National invasive lionfish control plan blasted as ‘too little, too late’

MURRELLS INLET, SC – The Council for Sustainable Fishing, a nonprofit advocacy group for commercial and recreational fishing interests, Wednesday criticized a draft national plan to address the growing lionfish invasion in U.S. southeastern waters for being late, short on funding, and weak on implementation.

“This plan has taken nearly four years to develop, while the lionfish invasion continues full bore in the South Atlantic and Gulf of Mexico, endangering reef ecology and valuable fisheries,” Council for Sustainable Fishing Executive Director Tom Swatzel said. “Other countries and even some U.S. national marine sanctuaries and parks have had lionfish control plans in place for years. I’m afraid it may be too little, too late to control the invasion, potentially putting the fishing industry at peril.”

A draft National Invasive Lionfish Prevention and Management Plan, started in 2011, was released by the federal Aquatic Nuisance Species Task Force for public comment in December. The comment period ends January 26th.

According to the plan, responsibility for implementation and funding would fall to ten different federal agencies – from NOAA to the U.S. Geological Survey -- at an estimated annual cost of $22 million.

“This plan hinges on implementation by committee, a sure way for inaction and a recipe for unaccountability.
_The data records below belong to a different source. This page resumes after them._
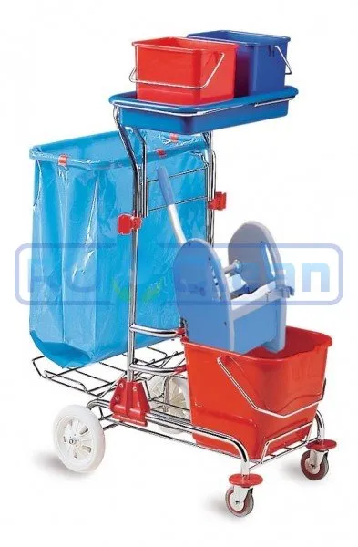 Уборочная тележка Euromop Togo имеет хромированную раму, на которой располагаются 2 маленьких ведра объемом 9 л (красное и синее), 1 большое ведро (красное) объемом 15 л с механическим отжимом, 1 лоток (синий) под маленькие ведра. На раме также находятся 2 держателя-фиксатора для уборочного инвентаря (швабры), держатель мешка для мусора (рассчитан на мешок объемом до 120 л).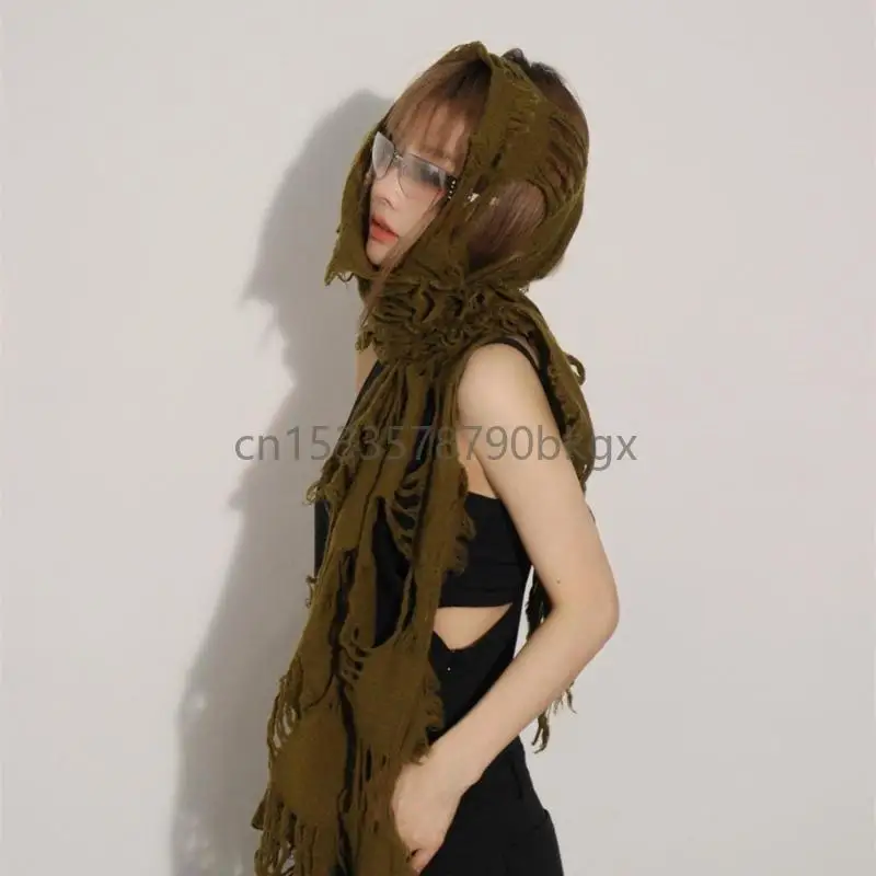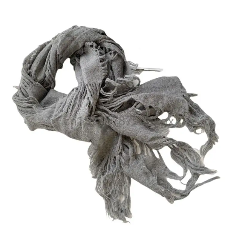 Unisex Wool Scarf Soft Ragged Neck Scarf Neck Cover for Winter Autumn Popular 2000s Distressed Scarf for Casual Shopping J78E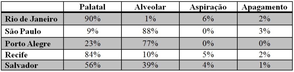 - Tabela 1 – Frequências de produção de cada uma das variantes do /S/ pós-vocálico, em posição medial, em 5 capitais brasileiras (Português (Brasil))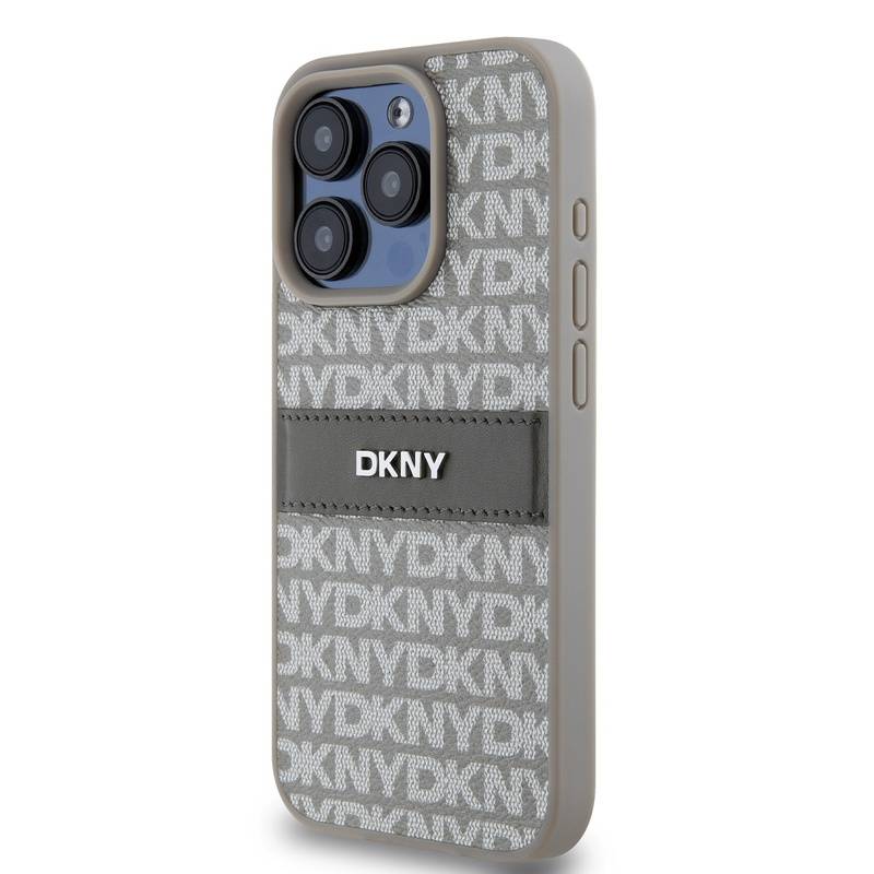 Husa telefon DKNY PU Leather Repeat Pattern Tonal Stripe pentru iPhone 14 Pro Max Beige |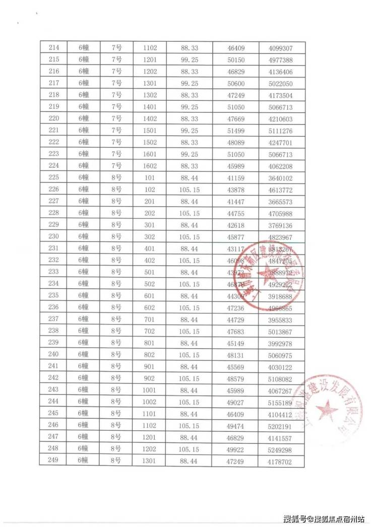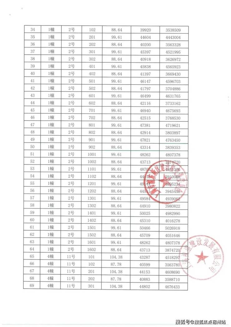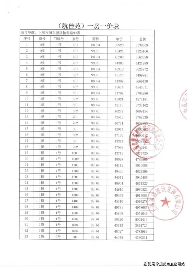 项目一房一价表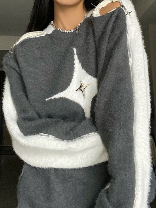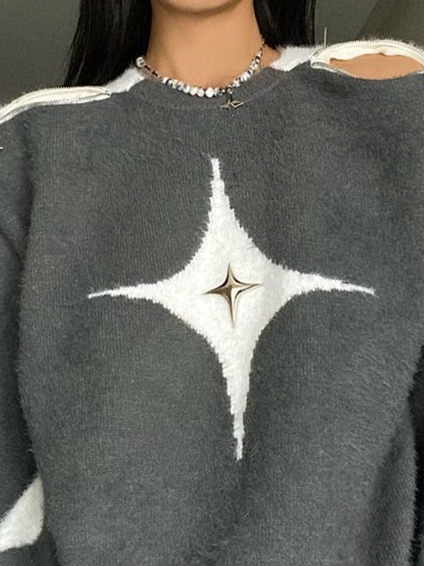Lose Pullover mit Reißverschluss und Ausschnitt und Sternendekor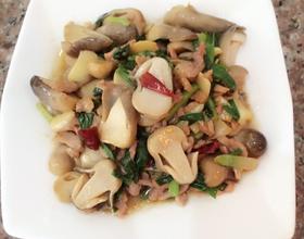 锅下热油少许,放入蒜片煸香,(喜欢辣的可以加入辣椒煸炒)加入腌制的肉丝略炒,放入葱白,加入汆烫过的草菇,翻炒,加盐、糖、鸡精少许。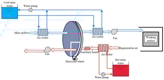 Solid adsorption devices are categorized into two types: fixed adsorption beds and desiccant wheel dehumidifiers. Fixed adsorption beds arrange adsorbent materials within a stationary bed. As wet air passes through the bed, the adsorbent removes the moisture, yielding dry air. Thermal regeneration is required to restore the dehumidification capacity of the adsorbent [73]. In a desiccant wheel system (DWS), wet air passes through the process sector, where the desiccant material adsorbs water vapor, thereby achieving dehumidification. Heated regeneration air is introduced to desorb moisture, after which the desiccant material, now moisture-laden, is rotated via the motor to complete the cycle of dehumidification and regeneration [74,75]. Lin et al. [76] had applied solid adsorption beds to deep mine dehumidification, investigating the impact of adsorbent thickness on dehumidification efficiency. The experimental results indicated that when the adsorbent thickness was less than 5 cm, the dehumidification capacity improved with increasing thickness, reducing the relative humidity from 90.5% to 55.5% within one hour. Chen et al. [77] introduced a deep-mine DWS cooling system driven by a heat storage matrix. The DWS removed moisture from the air. The heat storage matrix supplied thermal energy for air regeneration whereas mine water served as a cooling medium for the air cooler. This system not only cooled and dehumidified the working face air, but also optimized waste heat utilization, thereby reducing energy consumption. The results demonstrated that the system reduced air temperature by 8.9 °C and relative humidity by 52.9%. Ji et al. [78] utilized mine water at varying temperatures to supply heating and cooling energy to the DWS, achieving a humidity ratio difference of over 15.0 g/kg between the inlet and outlet. The principle of the mine-water-driven DWS cooling system is illustrated in Figure 14.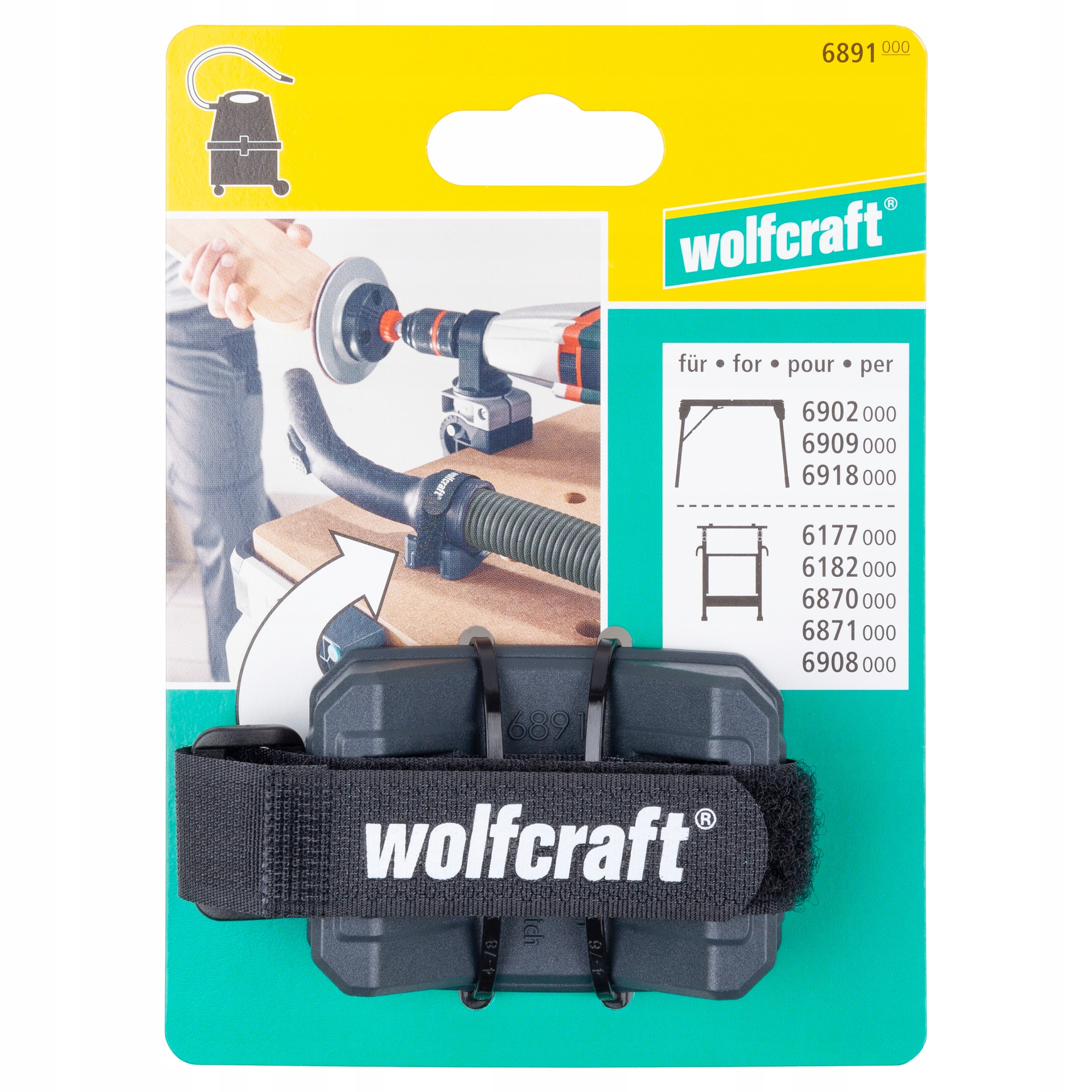 Вставна система підходить для всіх отворів 20 мм, наприклад, у столах Wolfcraft серії MASTER. Просто вставте ручку, помістіть шланг пилососа в пластикову напрямну та прикріпіть її за допомогою липучки.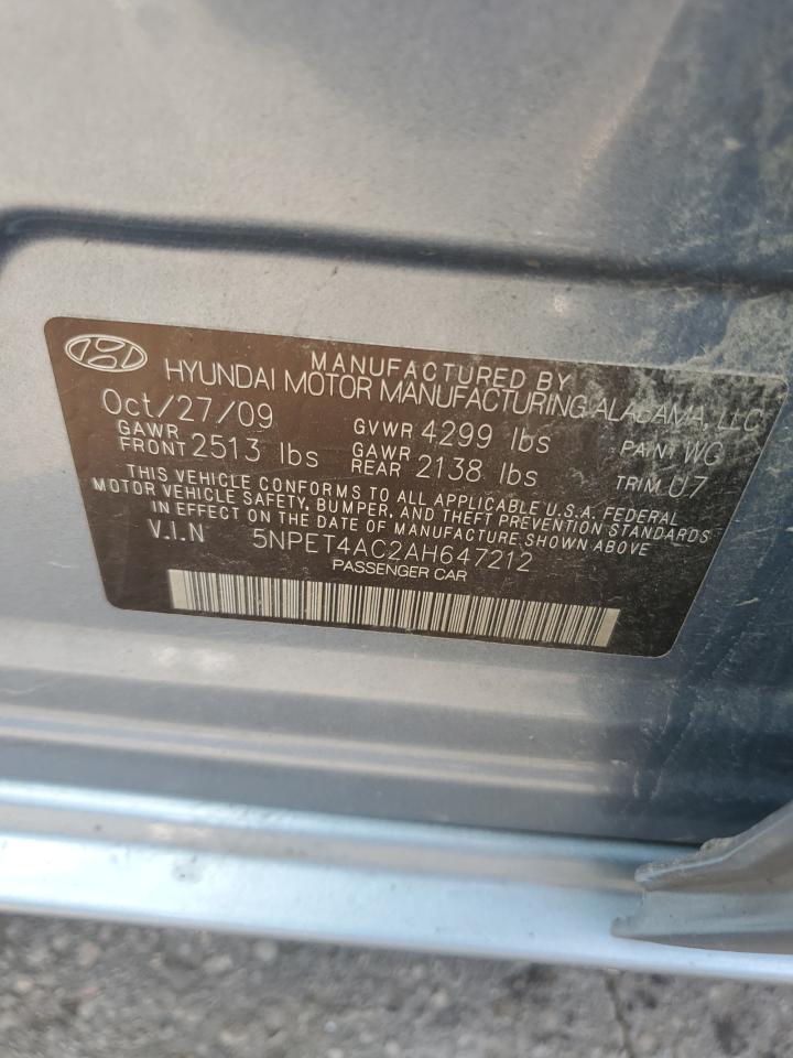 2010 HYUNDAI SONATA - 5NPET4AC2AH647212, колір - Синій, 2.4, Бензин, із США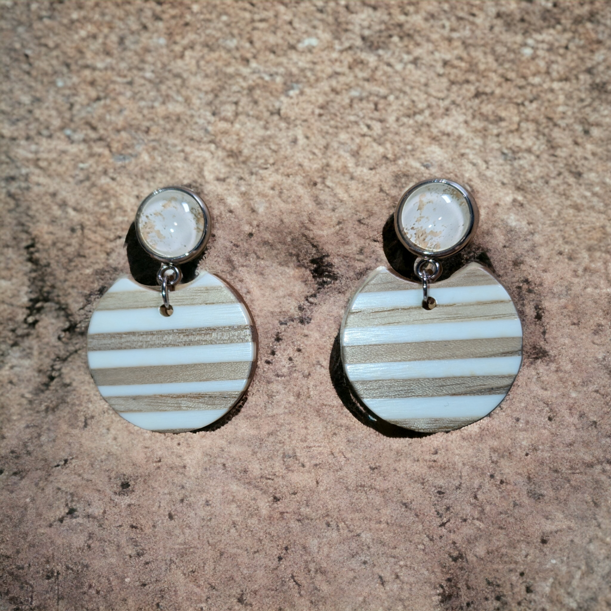 Supports et tiges en acier inoxydable. Pendentifs en bois et en acrylique. Cabochons en verre.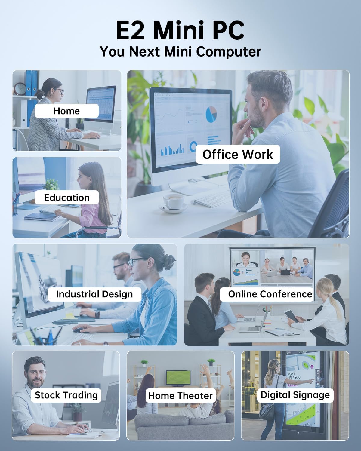 TRIPLE-SCREEN 4K 60Hz BEASTFeaturing UHD Graphics this mini desktop computer supports dual 4K@60Hz displays (via 1x HDMI 2.0 + 1x DP 1.4). Experience vibrant sharp visuals ideal for 4K web video home theater or creative work. Easily support the connection of multiple screens enabling you to perform multiple operations simultaneously thereby significantly enhancing the efficiency of your work and entertainment.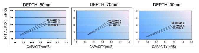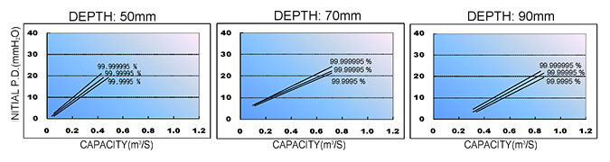 | 305 | 610 | 50/70/90 | 4.8/4.8/8.1 CMM | D 50mm:25.4mm H2O *Face Velocity:0.5m/sec D 70mm:17.0mm H2O *Face Velocity:0.5m/sec D 90mm:25.4mm H2O *Face Velocity:0.85m/sec |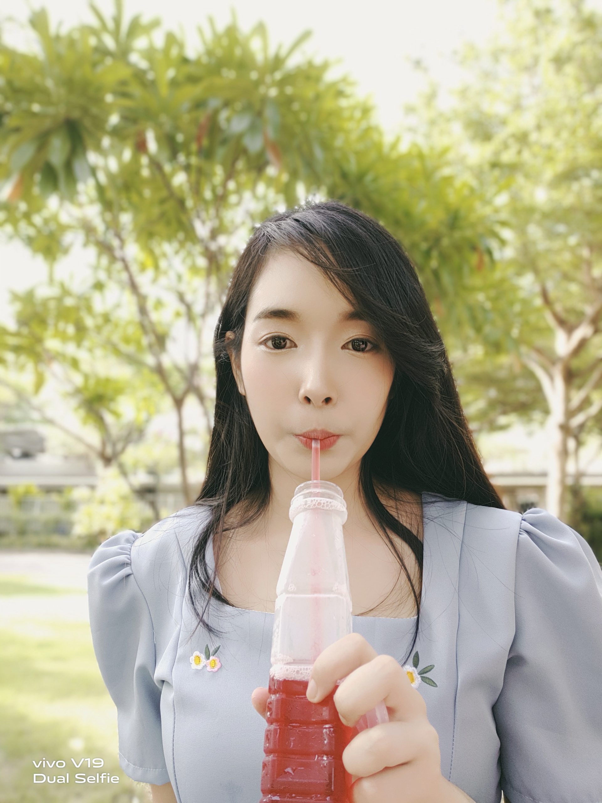 ภาพเซลฟี่กล้องหน้าของ Vivo V19 ผลลัพท์ออกมาสวยมากทีเดียวครับ กล้องหน้าเครื่องเดียว สร้างภาพเซลฟี่ของเราออกมาได้หลากหลายโทน จะเติมความมุ้งมิ้งด้วย AR เซลฟี่กันสักหน่อย ก็มีให้เล่นเยอะอยู่ครับสำหรับสติ๊กเกอร์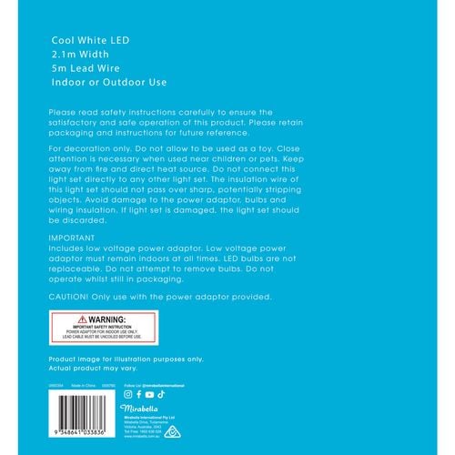 Please read safety instructions carefully to ensure the satisfactory and safe operation of this product. Please retain packaging and instructions for future reference. For decoration only. Do not allow to be used as a toy. Close attention is necessary when used near children or pets. Keep away from fire and direct heat source. Do not connect this light set directly to any other light set. The insulation wire of this light set should not pass over sharp, potentially stripping objects. Avoid damage to the power adaptor, bulbs and wiring insulation. If light set is damaged, the light set should be discarded. CAUTION! Only use with the power adaptor provided.

It would be best for one agency, such as NOAA, to have responsibility for implementation,” Swatzel said.

Swatzel points out that NOAA spent more money -- $25 million in FY 2014 -- promoting and developing privatization of fisheries through “catch share” programs than is being proposed to address the lionfish invasion.

“Spending money to promote privatization of fisheries doesn’t provide any biological benefit to fisheries. It’s a waste. If we’re serious about lionfish control, serious money needs to be invested in developing lionfish harvesting methods that are much more efficient than a diver spearing one lionfish at a time,” Swatzel said. “Highly valuable commercial and recreational snapper-grouper fisheries are at stake.”

Lionfish are rarely caught on hook and line. Most landings are by divers with spear guns.

Lionfish are native to the Indo-Pacific. The first U.S. sightings were off Florida in 1985. Lionfish are now well established in the South Atlantic, Gulf of Mexico, and Caribbean.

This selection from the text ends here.